***** Record extracts *****
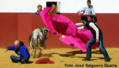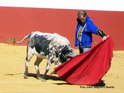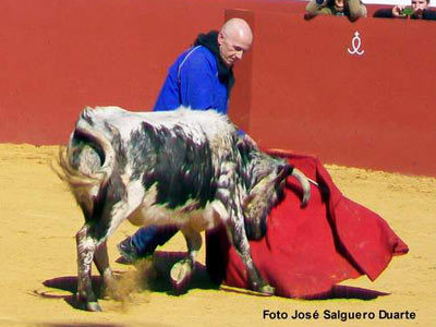 El evento que tuvo lugar en la ganadería del Maestro Ruiz Miguel, en la localidad de los Barrios, provincia de Cádiz, contó además con la presencia de Arnau, director Comercial de la marca, Isidoro Rodríguez "El Paloma", concesionario oficial en Andalucía, y David Chávez, delegado de la firma. Paxau nos comentaba "Yo soy un gran amante de la naturaleza y de los animales porque me he criado cerca de ellos". La pasada temporada debutó ante una vaca brava, y este año ha querido repetir suerte. El animal le embistió antes de que pudiera armar su muleta y Paxau voló por los aires (en esta ocasión sin avioneta). Afortunadamente el percance no tuvo consecuencias y volvió a la cara del animal para dibujar varios pases de pecho de excelente factura y salir triunfador de la plaza. "Esta es una sensación muy especial, el animal bravo es precioso".
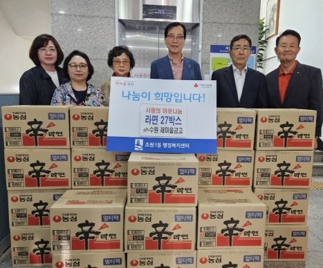[제주교통복지신문 김강석 기자] 수원새마을금고 조원점이 지난 3일 장안구 조원1동 행정복지센터를 찾아 어려운 이웃에게 전해달라며 라면 27상자를 기탁했다. 라면은 조원1동 관내 복지 대상자 가구 27곳에 전해질 예정이다.
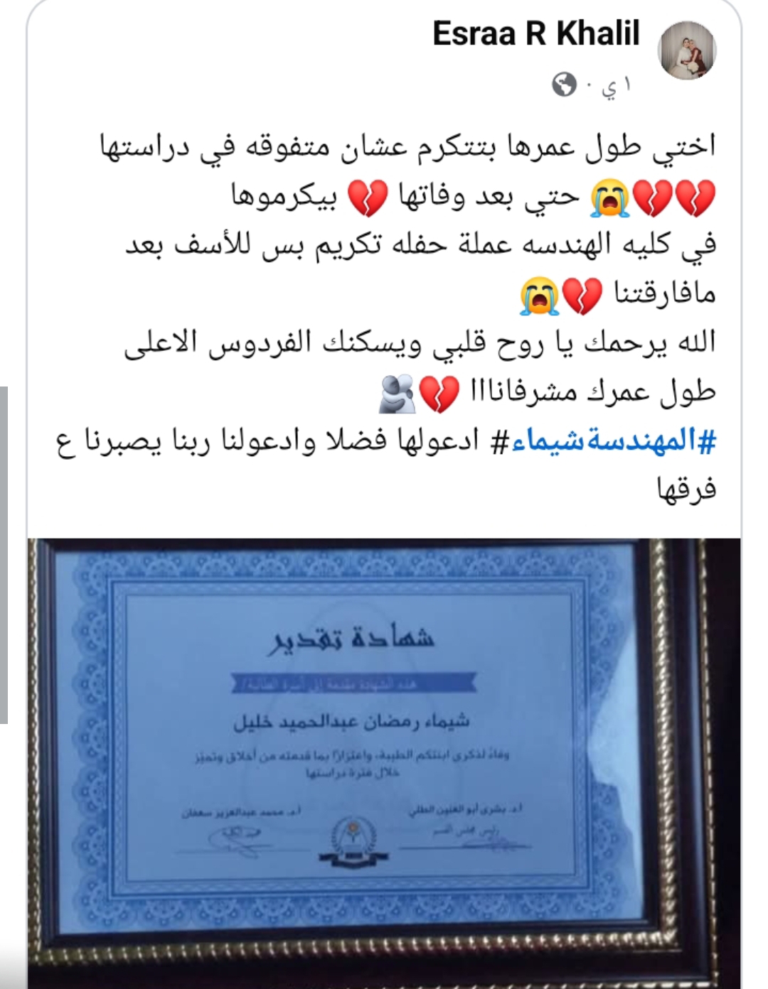 بكلماتٍ تختزل سنوات من الفخر الممزوج بمرارة الفقد، كتبت "إسراء"، شقيقة المهندسة الراحلة، منشوراً عبر حسابها الشخصي، كان أشبه برثاءٍ يلامس القلوب: "أختي طول عمرها بتتكرم عشان متفوقة في دراستها.. حتى بعد وفاتها بيكرموها.. في كلية الهندسة عملوا حفلة تكريم، بس للأسف بعد ما فارقتنا".
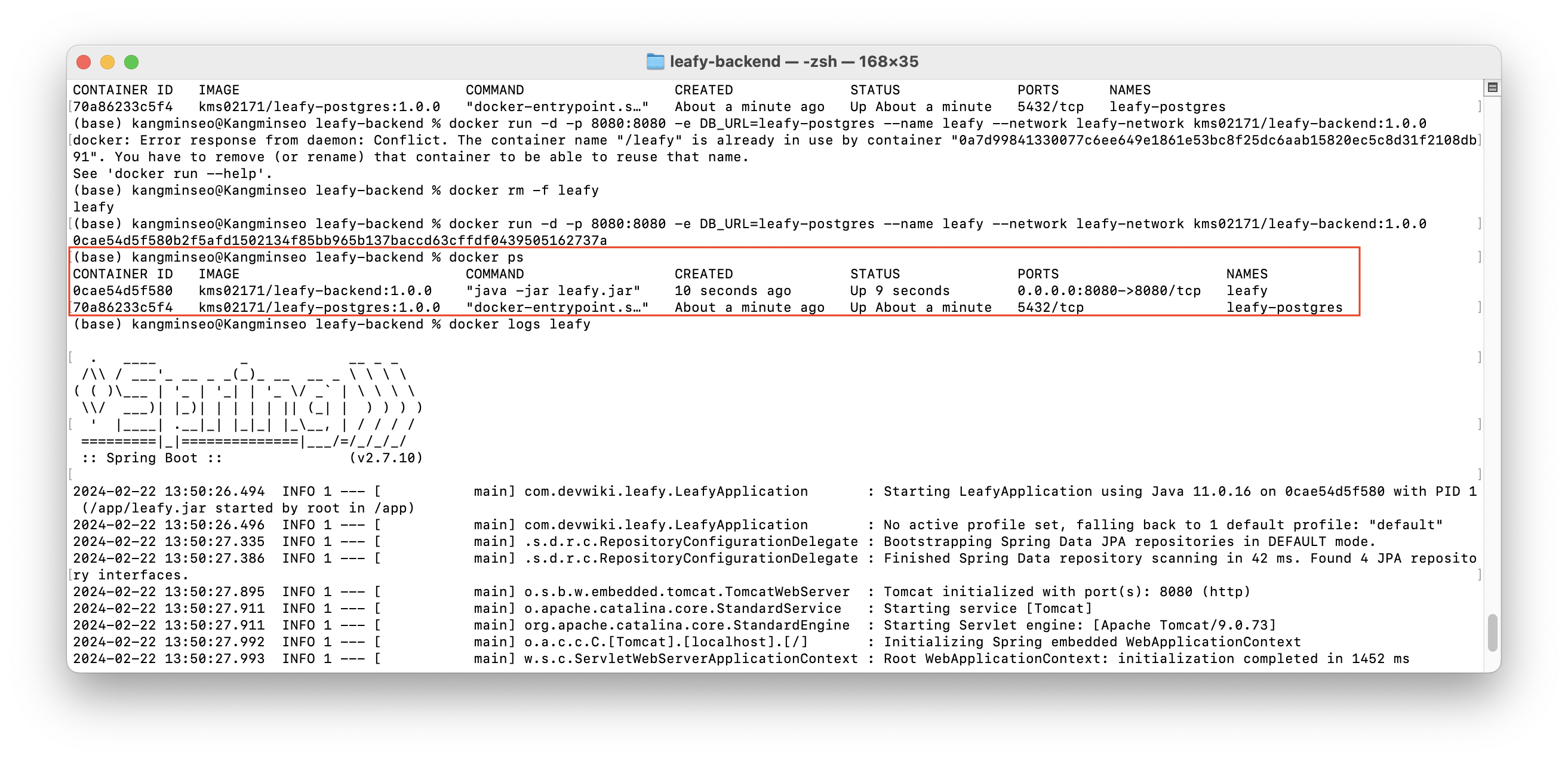 docker run -d -p 8080:8080 -e DB_URL=leafy-postgres --name leafy --network leafy-network kms02171/leafy-backend:1.0.0
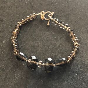 Measures approximately 7.5" from end to end and secures with a sterling silver toggle clasp. I was unable to find any markings but all metal components have been tested and verified to be solid sterling silver. Fun, faceted, brown smoky quartz gemstone beads from end to end with a few small hobknob sterling silver spacer beads mixed in.
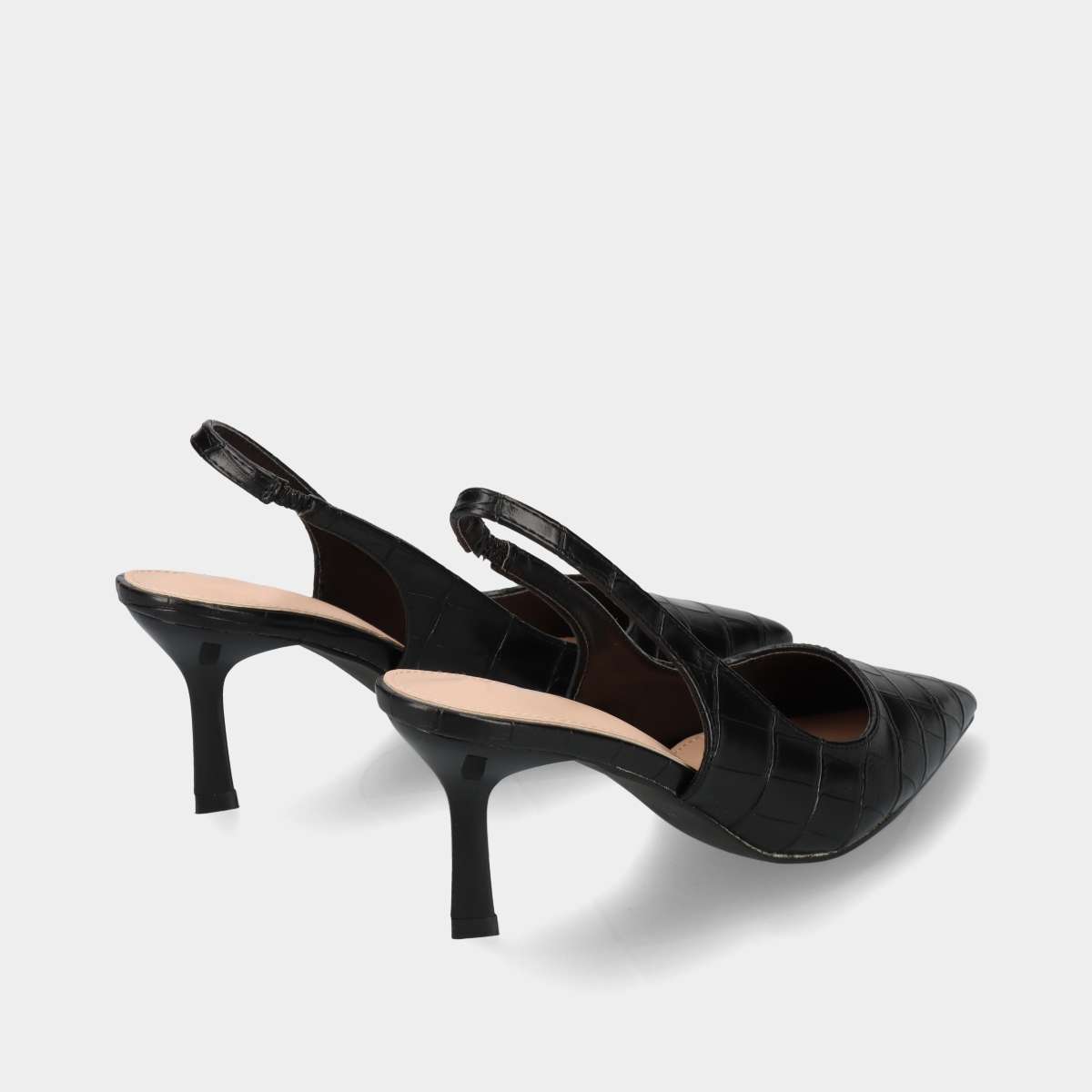 Sapato estilo mules com efeito croco, tira traseira, elástico discreto, tacão de 7 cm e ponta em bico.
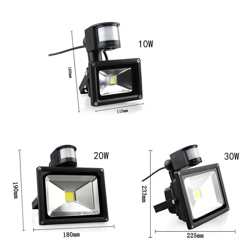 Infrared sensorDie-casting Aluminum lamp body is anti-rust and durable.New Sensor:More sensitive; detection distance up to 12 meters; Waterproof coefficient from IP44 to IP65, The new protruding adjustment knob can prevent rainwater into the sensor. Reflector:Larger reflective surface, Contrasting smooth reflector, it reduces useless light reflections and refraction,at the same power, the brightness is higher.Perfect for landscape lighting, stage fountain cast light, building lighting, billboard lighting, hotels, bars, etc.Widely used in lighting up your garden, garage, underground, basement, warehouse. Specification: Type:Infrared sensor LEDSpotlightMaterial: Aluminum Quantity: 1pcsItem Color: As shownLight Color:Cool White Power: 10W 20W 30W Voltage:220VWaterproof: IP66 Package: 1 x Waterproof LED Spotlight
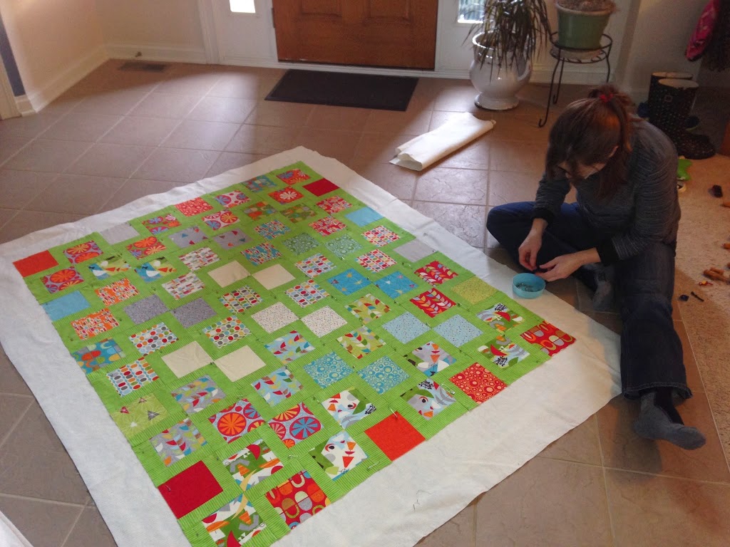 It is Sunday and that usually means that my friend Rissa comes over to sew with me. I wrote previously about her working on her first quilt…and she has finished the top! Today I showed her how to baste it to get ready for quilting.
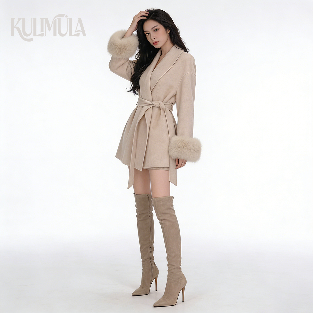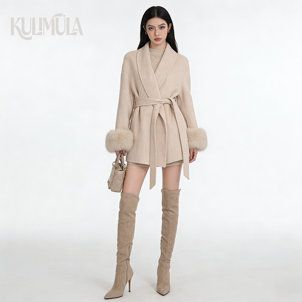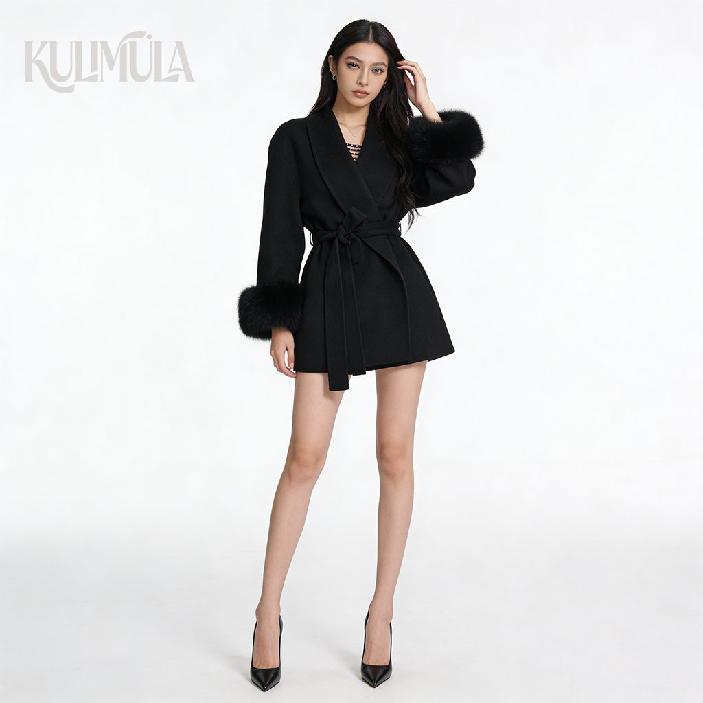 KULIMULA เสื้อคลุมแขนขน แต่งขนจิ้งจอกโดดเด่น เข็มขัดรัดเอวสไตล์หรูตกแต่งสุดเซ็กซี่ ผ้าขนสัตว์นุ่มอบอุ่น YD5
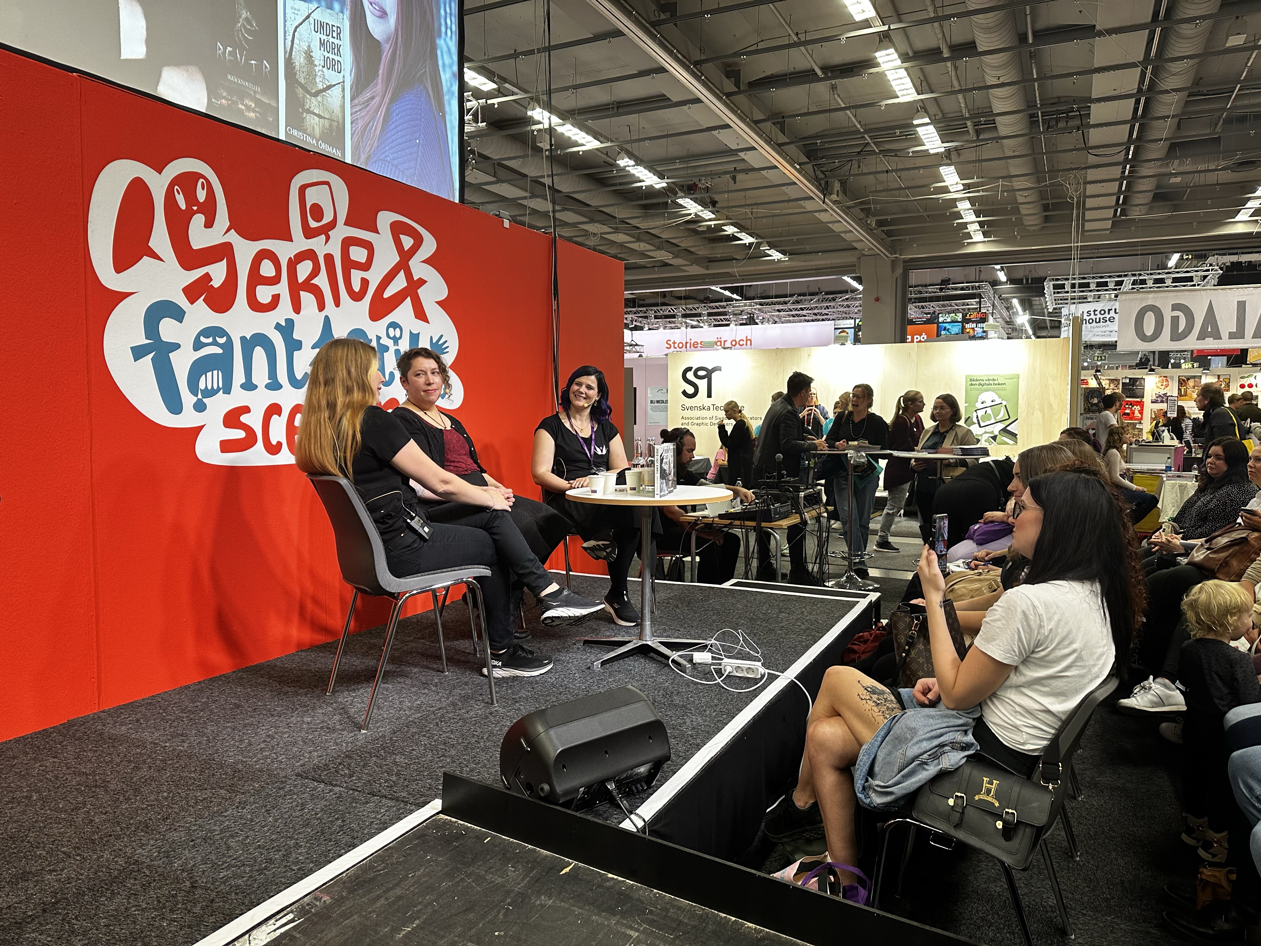 Det var otroligt mycket folk och vi lyssnade på olika föredrag. Väldigt ofta landade vi tillbaka vid Serafs monter (den lila montern). Ett härligt ställe att hänga på då många som man vill träffa kommer dit, montern är mysig och alla som är där är så trevliga. Jag kanske är något partisk eftersom det är med Seraf som min skräckroman kommer ut nästa år.
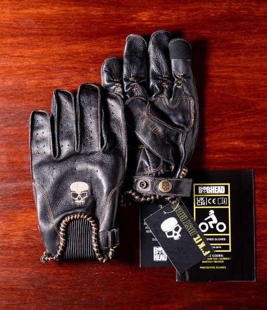 Migliora il tuo stile con i guanti Snatch di BOBHEAD! Realizzati in vera pelle, questi guanti vantano un design elegante con le nocche con il marchio del teschio BOBHEAD per un tocco audace. Dotato di una fodera protettiva di livello 1 per protezione, comfort e dotato di una chiusura a bottone regolabile decorata con teschi per un tocco in più.
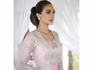 Luna Maya terlihat manglingi saat siraman pada Selasa (6/5) mengenakan kain jumputan pink dengan teknik draping langsung di tubuh calon pengantin. Kain jumputan melambangkan kesucian, harapan dan kesuburan ini menjadi sangat personal dan tak terulang. Warna coral pink menghadirkan nuansa hangat tenang dan romantis dibalut dengan kebaya klasik kutubaru handmade dengan frenchlace.
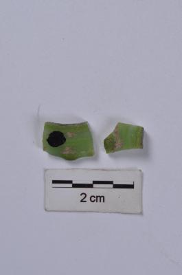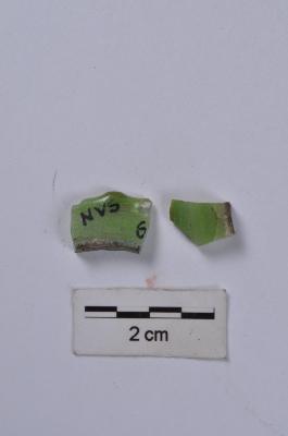 | Description / विवरण | Two fragments of green colored glass bangle, smooth shiny surface. |
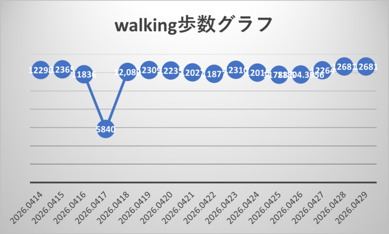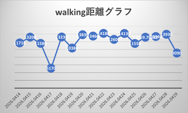 4/12~4/29日の期間の歩数とウォーキング距離です。
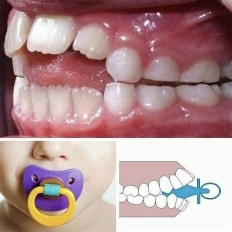 Para que el chupete deforme los dientes de los niños de forma visible, el bebé tendría que ejercer una succión constante durante unas seis horas diarias con una intensidad considerable. En estos casos, los dientes centrales inferiores podrían desviarse hacia el centro, los superiores podrían separarse y sobresalir, además de que los caninos chocarían entre sí.
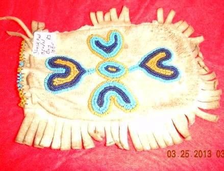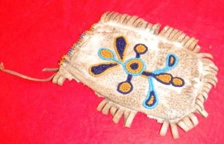 Deer hide Blackfoot Bag, measures 5 inches by 4 inches, beaded on both sides of bag, some fringe loss. Circa 1880's. Shipping $18.00
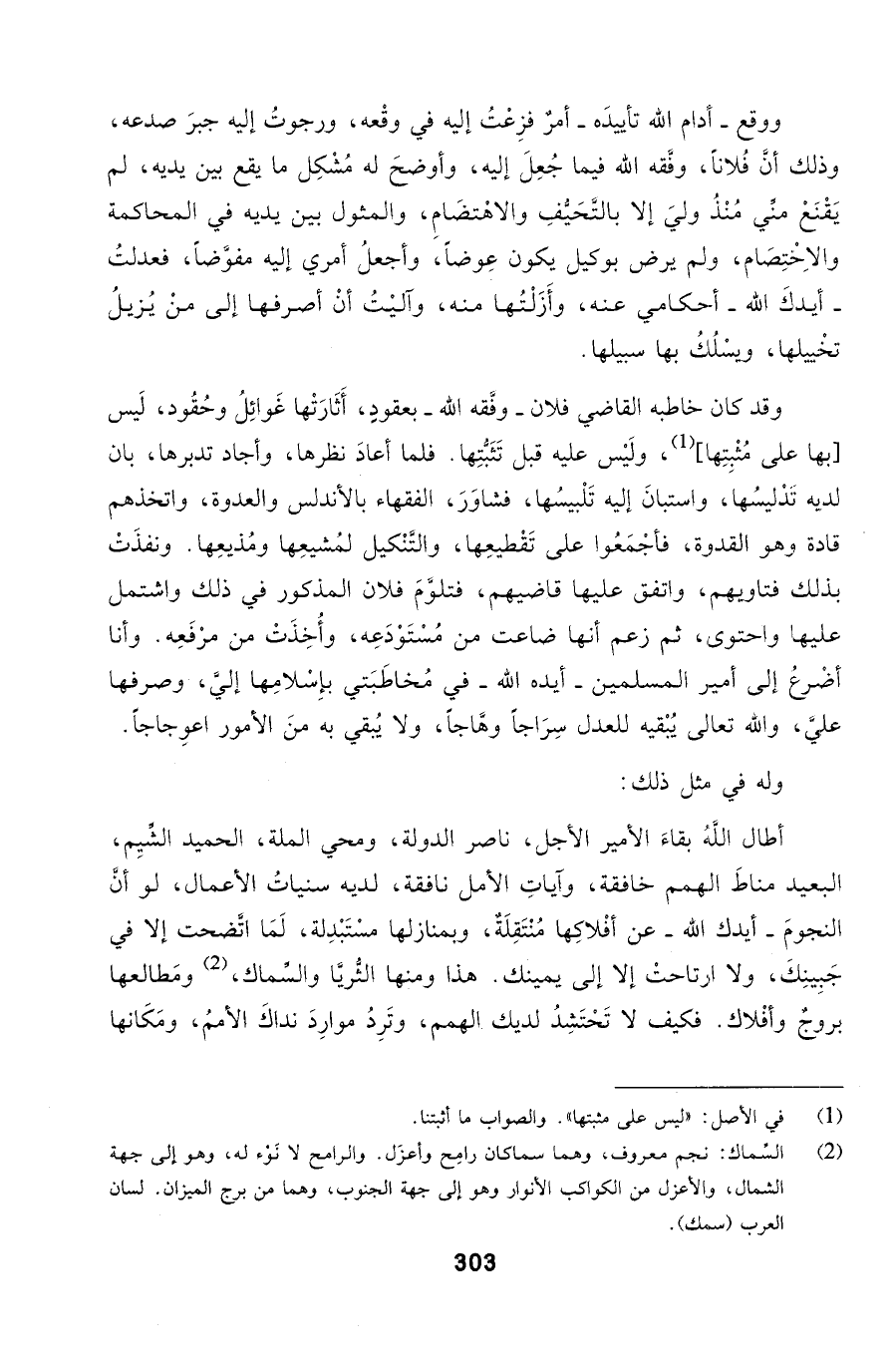 أيده الله - في مُخاطَبَتي بإِسْلامِها إليَّ، وصرفها عليَّ، والله تعالى يُبْقيه للعدل سِرَاجاً وهَّاجاً، ولا يُبقي
*****
◆ **Task to carry out**
Only one stretch of the listing is wanted: the lines starting at the one with "docker run -d" and ending at the one with "Sapato estilo mules", copied exactly and free of pictures.

◆ **Response area**
 docker run -d -p 8080:8080 -e DB_URL=leafy-postgres --name leafy --network leafy-network kms02171/leafy-backend:1.0.0
 Measures approximately 7.5" from end to end and secures with a sterling silver toggle clasp. I was unable to find any markings but all metal components have been tested and verified to be solid sterling silver. Fun, faceted, brown smoky quartz gemstone beads from end to end with a few small hobknob sterling silver spacer beads mixed in.
 Sapato estilo mules com efeito croco, tira traseira, elástico discreto, tacão de 7 cm e ponta em bico.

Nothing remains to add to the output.